"The trade for wool, hops, and leather here is prodigious; the quantity of wool only sold at one fair is said to have amounted to £50,000 or £60,000, and of hops very little less.
"September 14, being the Horse Fair day, is the day of the greatest hurry, when it is almost incredible to conceive what number of people there are, and the quantity of victuals that day consumed by them.
"During the Fair, Colchester oysters and white herrings, just coming into season, are in great request, at least by such as live in the inland parts of the kingdom, where they are seldom to be had fresh, especially the latter.
"The Fair is like a well-governed city; and less disorder and confusion to be seen there than in any other place where there is so great a concourse of people: here is a Court of Justice always open from morning till night, where the Mayor of Cambridge, or his Deputy, sits as Judge, determining all controversies in matters arising from the business of the Fair, and seeing the Peace thereof kept; for which purpose he hath eight servants, called Red-coats, attending him during the time of the Fair and other public occasions, one or other of which are constantly at hand in most parts of the Fair; and if any dispute arise between buyer and seller, on calling out 'Red-coat,' you have instantly one or more come running to you; and if the dispute is not quickly decided, the offender is carried to the said Court, where the case is decided in a summary way, from which sentence there lies no appeal.
"About two or three days after the Horse Fair day, when the hurry of the wholesale business is over, the country gentry for about ten or twelve miles round begin to come in with their sons and daughters; and though diversion is what chiefly brings them, yet it is not a little money they lay out among the tradesmen, toy-shops, etc., besides what is flung away to see the puppet shows, drolls, rope-dancing, live creatures, etc., of which there is commonly plenty.
"The last observation I shall make concerning this Fair is, how inconveniently a multitude of people are lodged there who keep it; their bed (if I may so call it) is laid on two or three boards, nailed to four pieces that bear it about a foot from the ground, and four boards round it, to keep the persons and their clothes from falling off, and is about five feet long, standing abroad all day if it rains not.
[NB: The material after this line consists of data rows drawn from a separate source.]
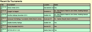 The Tournaments Ratings Status page, formerly available at the American Go Association Go Database (AGAGD), is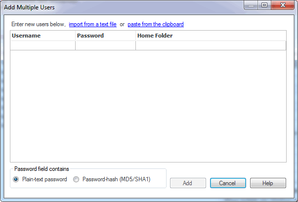 Users can be explicitly typed in, imported from a text file, or pasted from the clipboard. For the latter two cases, the text file or clipboard data needs to have a user per line, and fields must be separated by commas or tabs. The first field contains the username, the second field the password, and the third field the Windows path of the home folder. Only the username is mandatory. If the password is supplied as an MD5 hash rather than plaintext, then the MD5 radio button should be selected.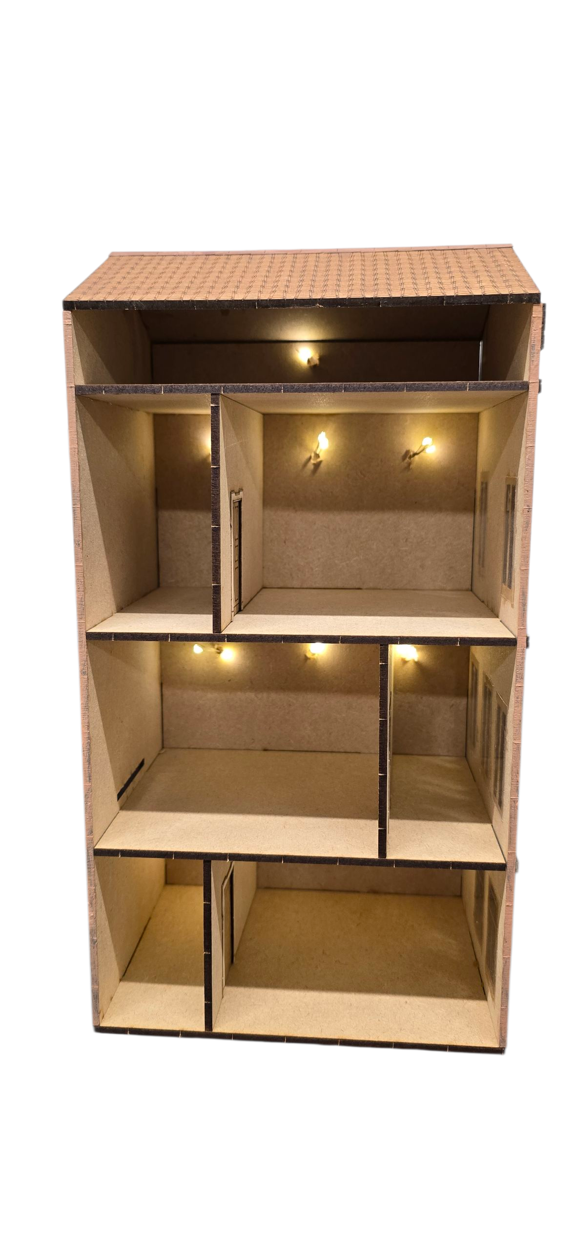 - Three floors, with the option for three or six rooms using the divided walls

At night it is taken into their booths, and put in to the best manner they can; at bed-time they get into it, and lie neck and heels together until the morning, if the wind and rain do not force them out sooner; for a high wind often blows down their booths, as it did A.D. 1741, and a heavy rain forces through the hair-cloth that covers it.
"Though the Corporation of Cambridge has the tolls of this Fair, and the government as aforesaid, yet the body of the University has the oversight of the weights and measures thereof (as well as at Midsummer and Reach Fairs) and the licensing of all show-booths, live creatures, etc.; and the Proctors of the University keep a Court there also to hear complaints about weights and measures, seek out and punish lewd women, and see that their Gownsmen commit no disorders."
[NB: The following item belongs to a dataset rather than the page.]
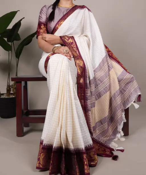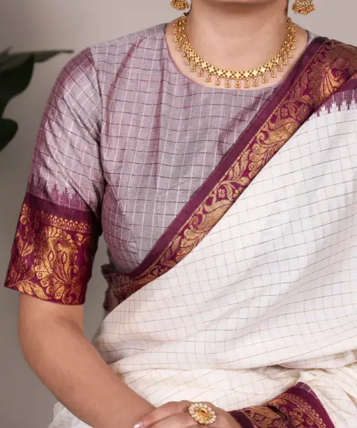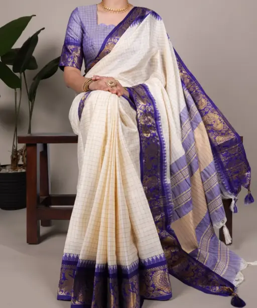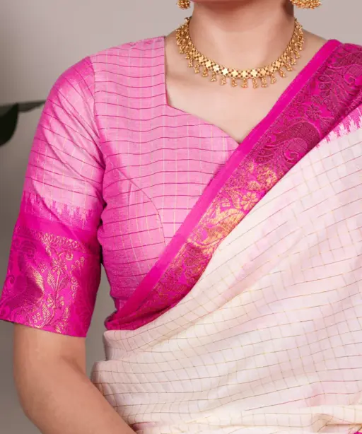 | Saree | Poly Cotton with Chex and Zari Weaving Work |

Fuller (in the seventeenth century) gives us the tradition that the fair originated with some Westmorland cloth dealers, who were here overtaken by a storm on their way to Norwich, and found so ready a market for the goods which they spread out to dry on the grass of the common that they went no further but returned hither the next year, and again. Thus the special prominence given to the "Duddery" here is accounted for. The tradition does not seem improbable, for Kendal has, from time immemorial, been renowned for its cloth—the famous "Kendal green" worn, in old ballads, by the English archers. To this day the shield of that town bears cloth-making implements, with the motto "Pannus mihi panis" ("Flock is my food"). And Norwich was (throughout the Middle Ages) the great commercial centre of the cloth trade. That there was some marked connection between Cambridgeshire and Westmorland is proved by the constant occurrence here of family names derived from Kendal place-names (Sizergh, Docwray, Strickland, Sedgwick, etc.) which have been current amongst the peasantry of Cambridgeshire since the fourteenth century at least.
Since Carter wrote, the great development of communication has made fairs a mere survival, and Stourbridge Fair has fallen from its high estate. It is now a very commonplace affair of a few days' duration, mainly for the horse trade. But it still is declared open by the Mayor of Cambridge or his delegate, and a dish of the white herrings which Carter speaks of still forms part of the opening ceremony. And it has an abiding interest for English readers, as the prototype of "Vanity Fair" in the "Pilgrim's Progress." Bunyan, as a Bedford man, would be familiar with the bustling scene, and, if we compare his pages with those which we have transcribed from Carter's History, we see how vividly he has allegorised it:
"At this Fair are all such Merchandize sold as Houses, Lands, Trades, Places, Honours, Preferments, Titles, Countreys, Kingdoms, Lusts, Pleasures, and Delights of all sorts, as Whores, Bauds, Wives, Husbands, Children, Masters, Servants, Lives, Blood, Bodies, Souls, Silver, Gold, Pearls, Precious Stones, and what not.